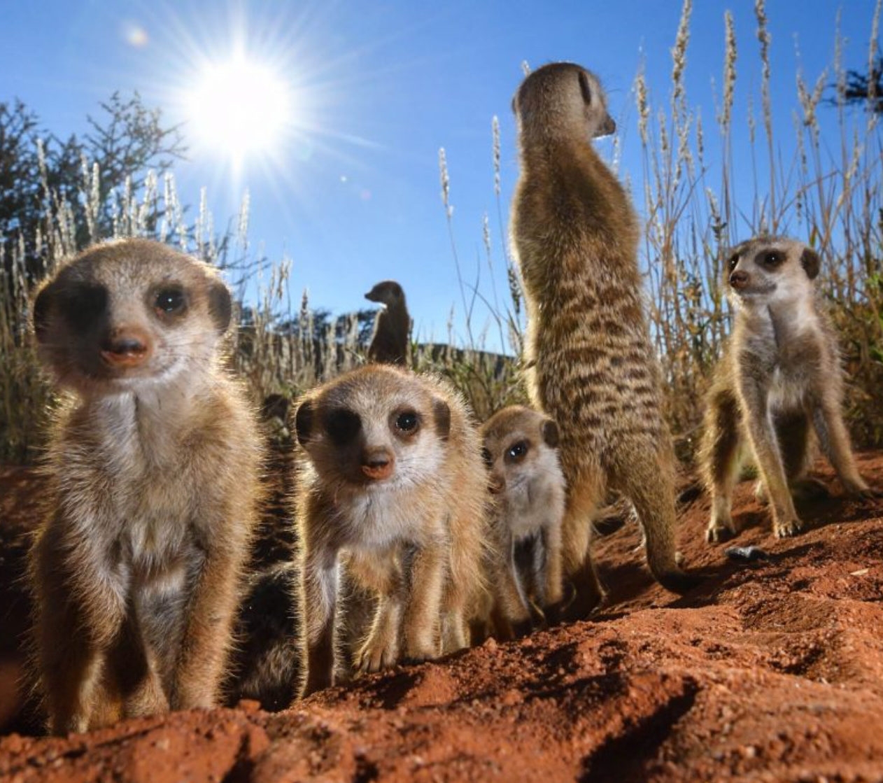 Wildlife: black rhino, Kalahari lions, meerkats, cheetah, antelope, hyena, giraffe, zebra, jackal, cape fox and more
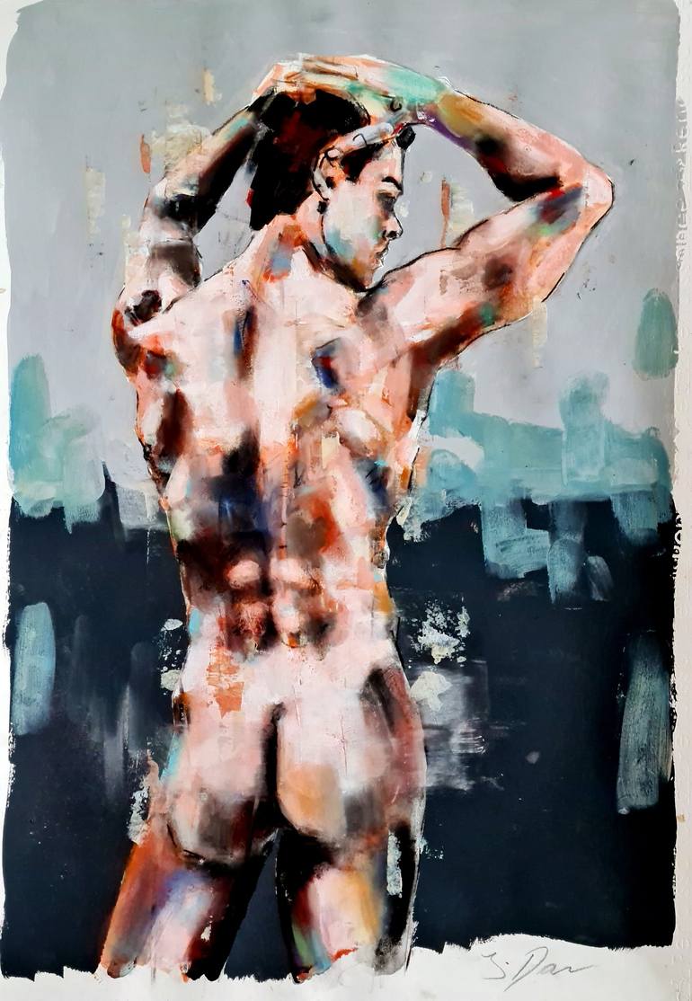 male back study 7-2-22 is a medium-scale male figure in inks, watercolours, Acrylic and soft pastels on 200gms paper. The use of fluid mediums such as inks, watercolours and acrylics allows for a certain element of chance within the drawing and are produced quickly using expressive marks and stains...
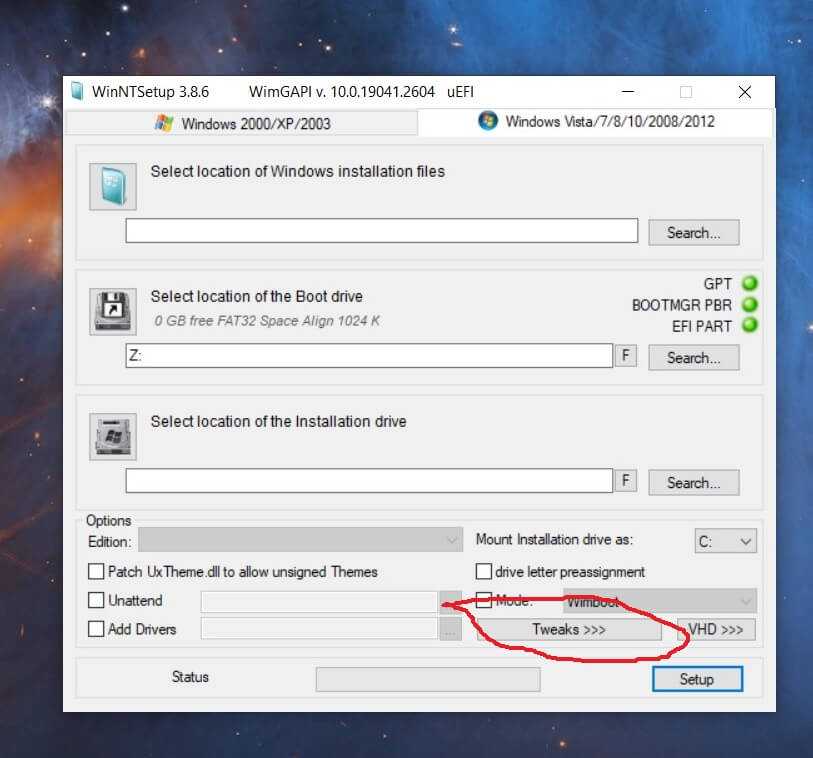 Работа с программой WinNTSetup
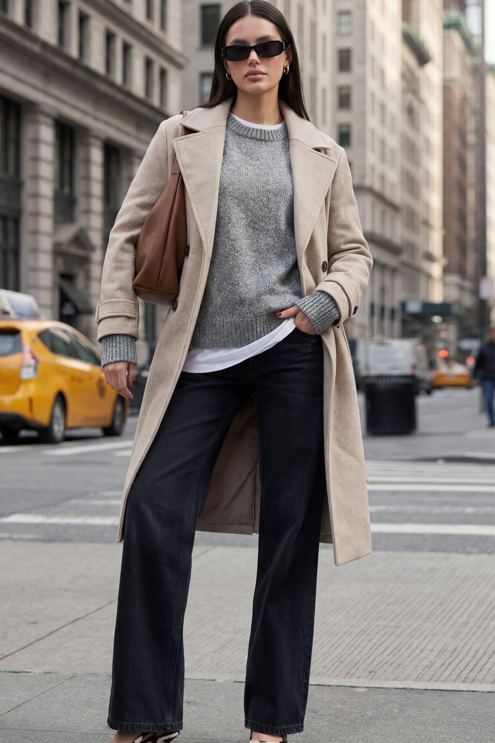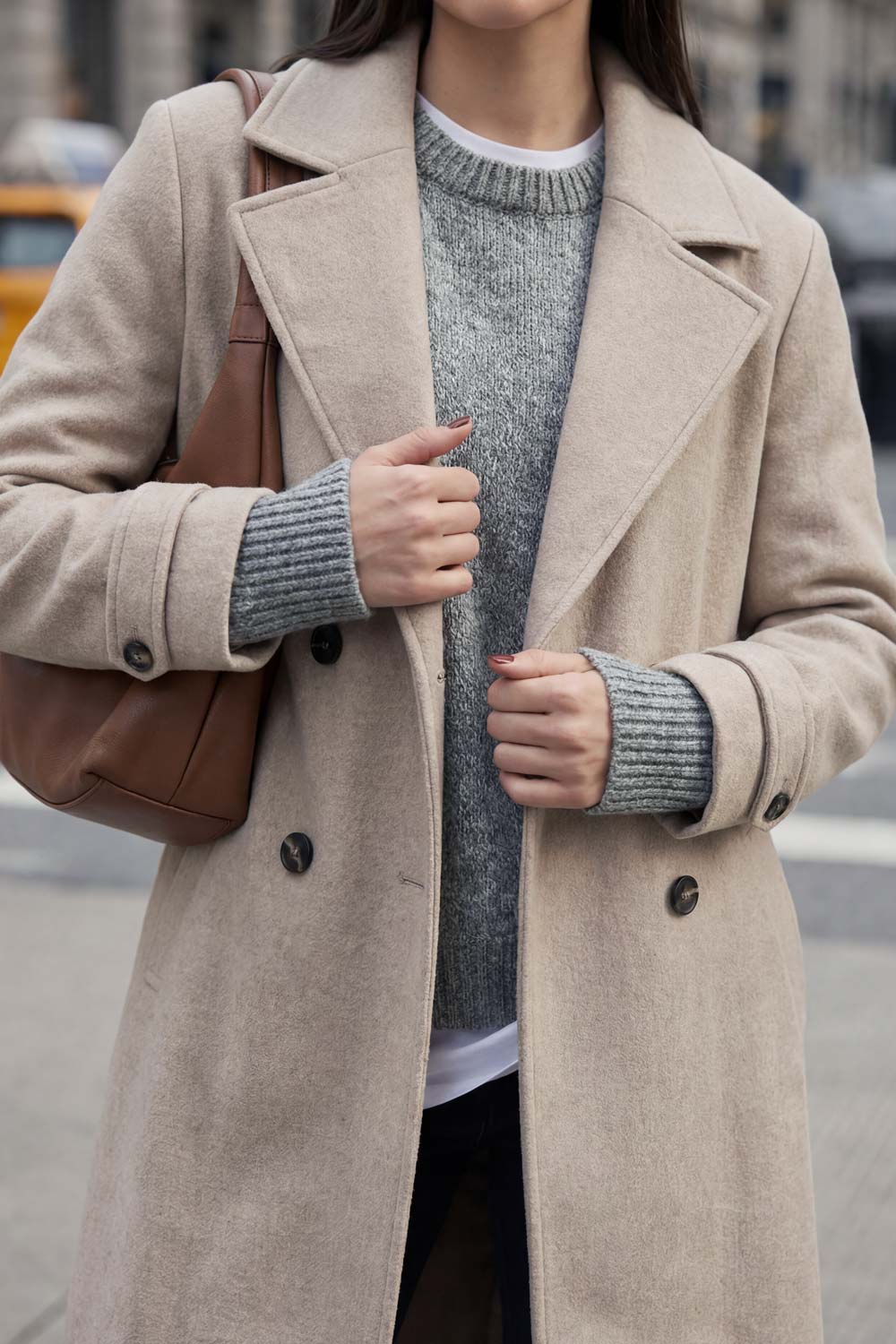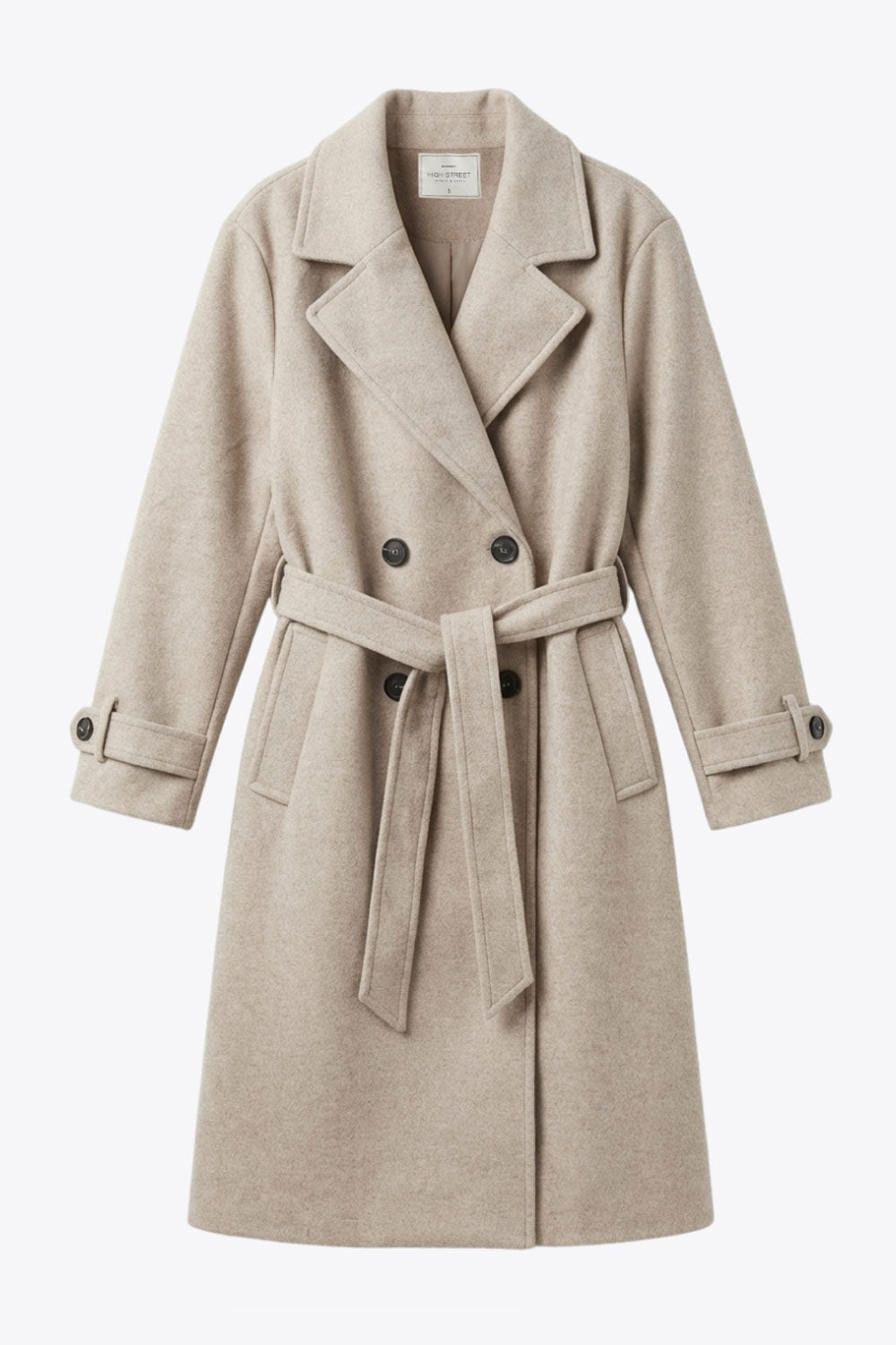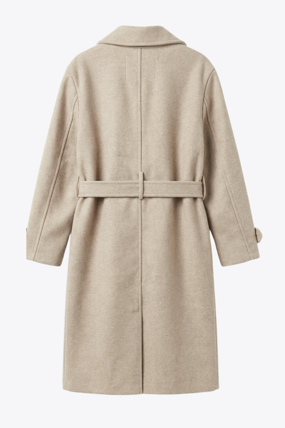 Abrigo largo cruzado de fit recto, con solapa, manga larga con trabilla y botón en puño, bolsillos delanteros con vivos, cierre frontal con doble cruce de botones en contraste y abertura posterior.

— Task item —
Reproduce the data in full. Do not carry over any picture.

— Response area —
 Wildlife: black rhino, Kalahari lions, meerkats, cheetah, antelope, hyena, giraffe, zebra, jackal, cape fox and more
 male back study 7-2-22 is a medium-scale male figure in inks, watercolours, Acrylic and soft pastels on 200gms paper. The use of fluid mediums such as inks, watercolours and acrylics allows for a certain element of chance within the drawing and are produced quickly using expressive marks and stains...
 Работа с программой WinNTSetup
 Abrigo largo cruzado de fit recto, con solapa, manga larga con trabilla y botón en puño, bolsillos delanteros con vivos, cierre frontal con doble cruce de botones en contraste y abertura posterior.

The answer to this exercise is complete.